Der Rapper Kurdo über Kalaschnikows im Schrank, seine zweite Heimat Emmertsgrund - und warum er nichts Falsches sagen will

ver.di publik - Kurdo, Dein Album Slumdog Millionär ist in den Albumcharts auf Platz 6 hochgeschossen. Wie bist Du aufs Rappen gekommen?

KURDO - Im Emmertsgrund, in Heidelberg, woher ich komme. Da gab es mehrere Undergroundbands. In einem Jugendclub gab es einen Musikraum mit einem Mikrofon und einem Computer. Da habe ich Beats ausprobiert und aufgenommen. Wir haben uns dort immer in eine Liste eingetragen und dann für eine halbe Stunde Musik gemacht und gerappt. Meine Texte hab ich immer alleine geschrieben.

ver.di publik - Sind es persönliche Erfahrungen, von denen Deine Texte handeln?

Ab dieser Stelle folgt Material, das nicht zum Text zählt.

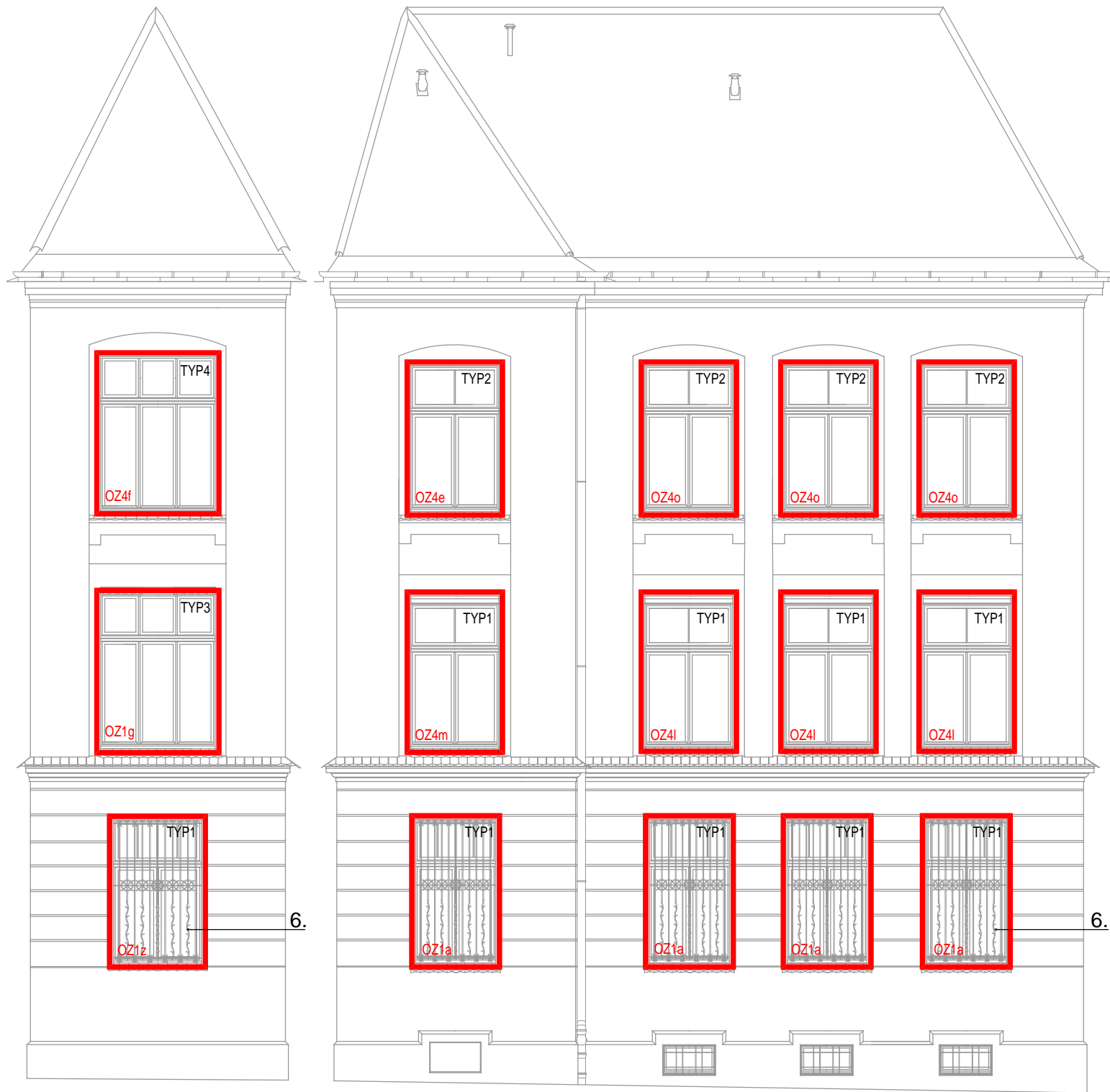
ELEVACJA B (1) - B (2)
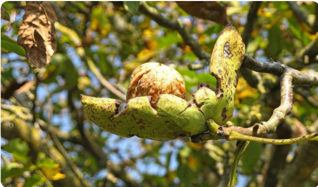
Reife Walnuss am Ast

Die Walnuss erreicht eine Höhe von 25 m und kann 400 Jahre alt werden. Der Baum ist wärmeliebend und anspruchsvoll. Die 15 cm langen männlichen Blütenkätzchen erscheinen an der Basis, die weiblichen Blüten an der Spitze der Neutriebe. Blütezeit ist im Juni, Fruchtreife im September. Die Blätter duften aromatisch und setzen sich aus fünf, sieben oder neun ovalen Fiederblättchen zusammen.
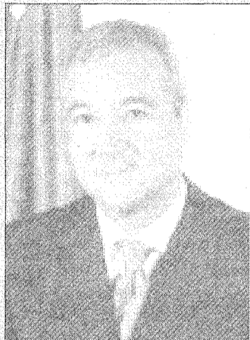
Ramón Luis Valcarcel, presidente de la Región de Murcia
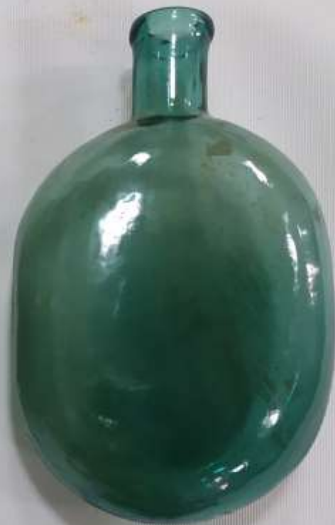
Фляжка солдатская стеклянная
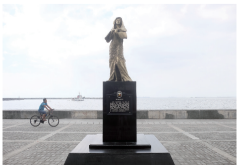
位于马尼拉湾的菲律宾首座“慰安妇”纪念雕像提醒着人们不要忘记那段历史

在第二次世界大战后的上世纪50年代至70年代之间，菲律宾与日本、缅甸同属亚洲最富国之一，也是新兴工业国家及世界的新兴市场之一。那段时期以后，菲律宾高速发展，马尼拉作为菲律宾首都及第一大城市，成为全世界最具国际化的城市之一，同时也是全世界最多元化的城市之一，被人们称为“亚洲的纽约”。
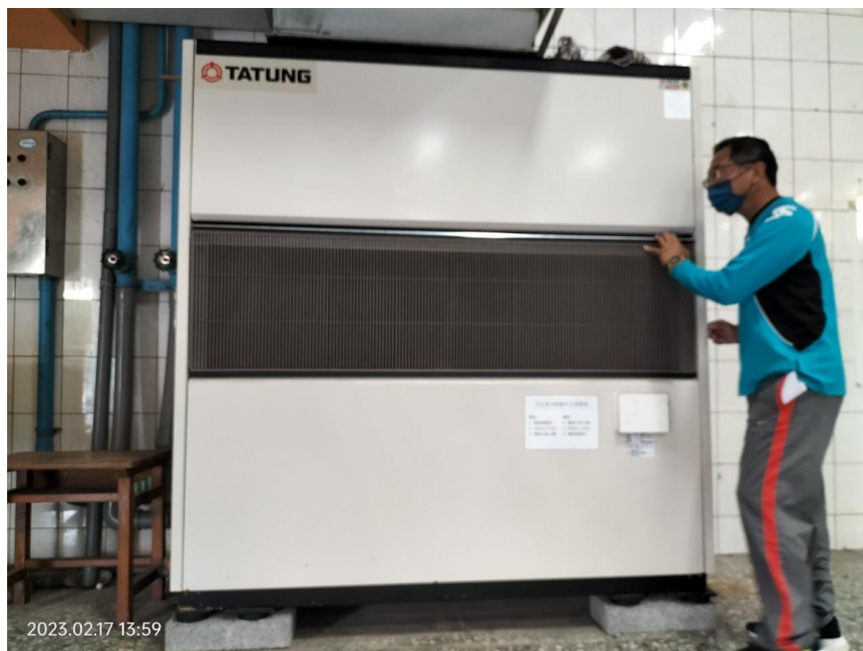
活動中心-中正堂 冷氣檢查
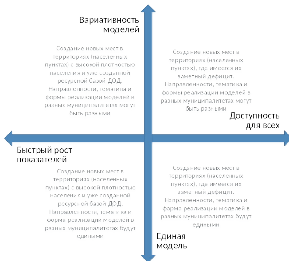
Рис. 4. Шкалы выбора модели создания новых мест с учетом актуальной управленческой политики
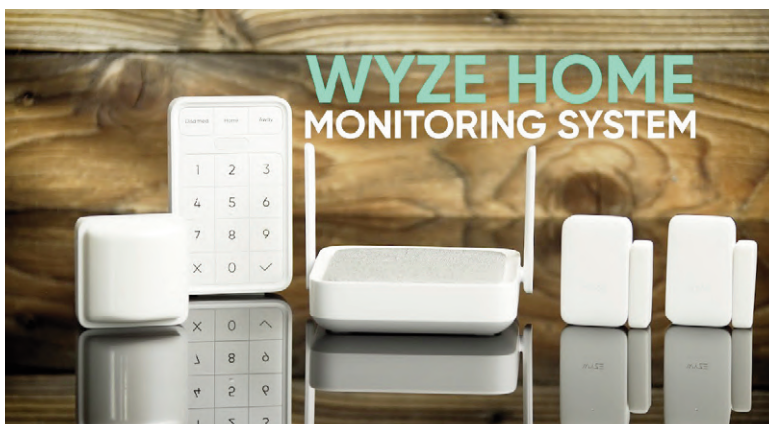
Fig. 11 | Wyze Home Monitoring System.

State of the art | To make a complete analysis framework, it is necessary to identify and briefly qualify the existing solutions dedicated to the smart home, considering different technologies, infrastructures and methods of interaction. At the same time, as a method premise, it is useful to
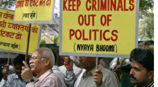
૪૪ ટકાનો વધારો થયો છે. કુલ ૧૯૮ સાંસદ એવા હતા, જેમની સામે વર્ષ ૨૦૧૯ની લોકસભાની ચૂંટણીમાં હત્યા, હત્યાના પ્રયાસ, અપહરણ, એક્સપ્રેસ-વેના નિર્માણનો અંદાજિત ખર્ચ ૫૦,૦૦૦ કરોડ રૂપિયા છે : હાલમાં એક્સપ્રેસ-વેના લેન સાથે બનાવવામાં આવી રહ્યો છે : જેને ભવિષ્યમાં છ લેન અથવા આઠ લેન એક્સપ્રેસ વેમાં રૂપાંતરિત કરી શકાય છે

બન્યો છે. અપરાધ અને રાજકારણ વચ્ચે ઘનિષ્ટ મિત્રતા જોવા મળે છે. દેશમાં સંસદમાં ચૂંટાયેલા ગુનાઈત ઉમેદવારોની સંખ્યા વર્ષ ૨૦૦૪થી સતત વધતી જાય છે. દેશમાં ૨૦૦૪માં ૨૪ ટકા સાંસદ એવા હતા, જેમના પર ગુનાઈત કેસો પેનિંગ હતા. એ સંખ્યા વધીને ૨૦૧૯માં લગભગ બમણી વધીને ૪૪ ટકાએ પહોંચી હતી. વર્ષ ૨૦૦૮માં લોકસભામાં ૩૦ ટકા સાંસદો પર ગુનાઈત કેસો પેનિંગ હતા, જે વર્ષ ૨૦૧૪ની લોકસભામાં વધીને ૩૪ ટકાએ પહોંચી હતી. વર્ષ ૨૦૨૩ના ફેબ્રુઆરીમાં દાખલ કરવામાં આવેલી એક અરજીમાં એ વાત પર દાવો કરવામાં આવ્યો હતો કે વર્ષ ૨૦૧૯ પછી જાહેર ગુનાઈત કેસોવાળા સાંસદોની સંખ્યામાં
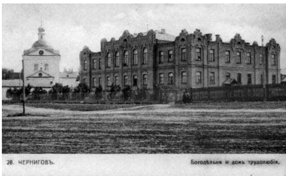
Будинок працелюбства. Поч. XX ст.

KURDO - Meine Texte handeln von dem, was ich erlebt habe, und auch davon, was ich um mich herum sehe. Ich gebe das, was ich sehe, mit meinen eigenen Worten wieder. Ich will nichts Falsches sagen. Ich sehe Dinge und Ereignisse, die andere Menschen so nicht sehen und in die sie keinen Einblick haben. Ich sehe mich selbst als Zeitzeugen.

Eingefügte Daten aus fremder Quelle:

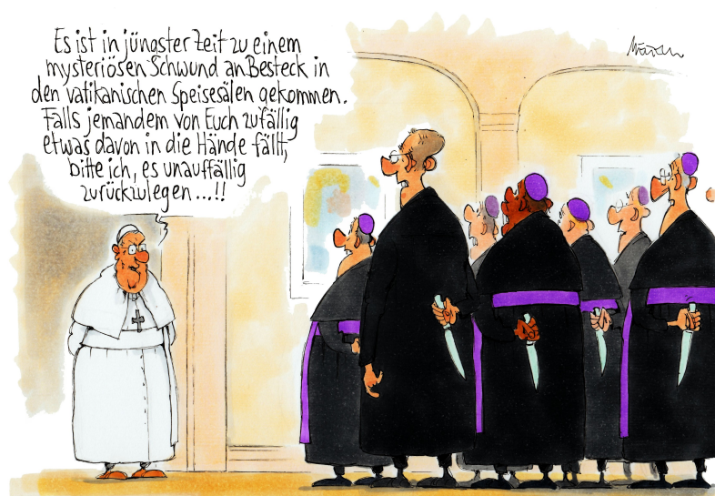
Karikatur © Gerhard Mester
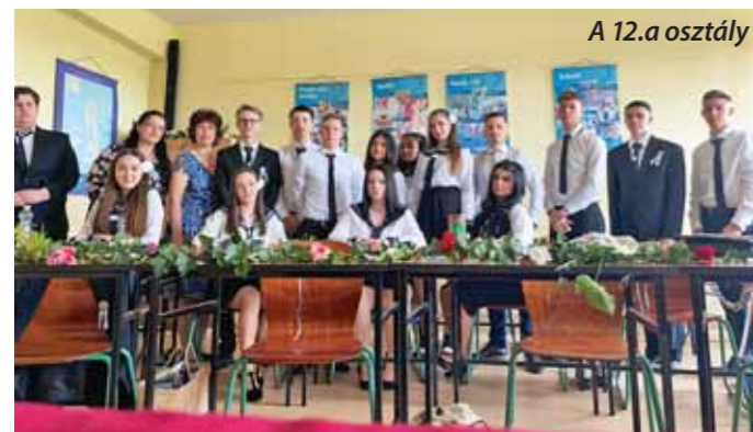
A 12.a osztály

Két év kihagyás után végre ismét a hagyományos ballagással búcsúztattuk el végzős gimnazistáinkat. Déli 12 órakor a két osztály tanulói meghatottan gyülekeztek gyönyörűen feldíszített tantermeikben, hogy részt vegyenek az utolsó osztályfőnöki órán, meghallgassák osztályfőnökeik búcsúzó szavait és utolsó jótanácsait a nagy megmérettetés, az érettségi előtt.
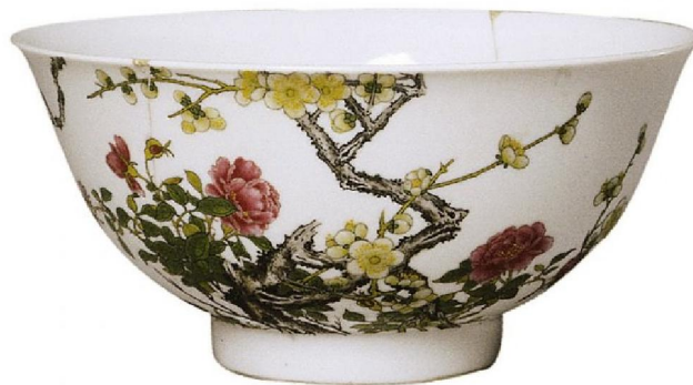
北京故宮藏眉壽白地宮碗(梅花牡丹碗)

至於在北京故宮博物院藏的雍正琺瑯彩瓷，則有「白梅花紅地鍾」一對（有傷），「眉壽白地宮碗」又名「梅花牡丹碗」一件（有傷），「眉壽長春白地宮碗」一件（有傷），「紅白梅花黃地茶碗」一件（完好），「錦堂春富貴白地宮碗」一件（完好），共六件。
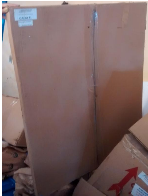
Figura 08: Quadro em aço para Laboratório de Matemática
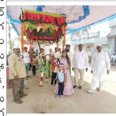
ఊరేగిస్తున్న ముస్లిం సోదరులు

ప్రజాశక్తి - నక్కవల్లి: మండలంలోని పెదబోడుగల్లం లో ముస్లిం సోదరులు ఆదివారం ఘనంగా ఖాదర్ వల్లి ఉర్సు పండగ జరుపుకున్నారు. ముస్లిం సోదరులు బావులాలను గుర్రంపై గ్రామంలో ఊరేగించారు. దర్గాలో, మసీదులో ప్రత్యేక ప్రార్థనలు చేశారు. గ్రామంలో పండుగ వాతావరణం నెలకొంది. ఊరేగిస్తున్న ముస్లిం సోదరులు
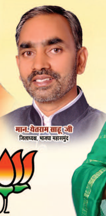
मान. येतराम साहू जी जिलाध्यक्ष, भाजपा महासमुंद
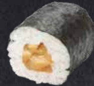
MAKI SURIMI Surimi 6.90
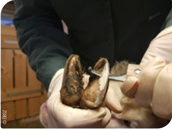
Abb. 13: Klauenpflugeschnitt und Kontrolle der Klauen vor Alpung – Tiere, die an Moderhinke erkrankt sind, sind von Sömmerung auszuschließen.
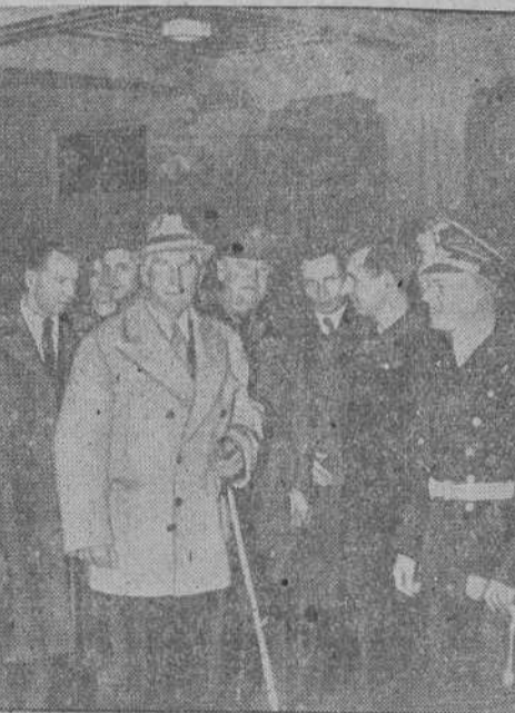
Von Papen, embajador del Reich en Turquía, llega a Constanza.

Berlín, 15.—Comunicado del alto mando de las fuerzas armadas alemanas:

ver.di publik - Welche Musiker haben Dich inspiriert?

KURDO - Früher kannte ich nur Michael Jackson. Mein Bruder hat aus dem Jugendzentrum Musik nach Hause mitgebracht. Der erste Rapper, den er mir gezeigt hat, war Eko Fresh. Azad fand ich auch gut, der hat die gleichen Wurzeln wie ich. In einem Interview hat er einmal gesagt: Mir geht es jetzt besser. Ich glaube, das war auch ein Grund für mich, mit der Musik anzufangen.

ver.di publik - Du bist über Youtube 2011 bekannt geworden. Wie war das damals, haben Dir Freunde dabei geholfen?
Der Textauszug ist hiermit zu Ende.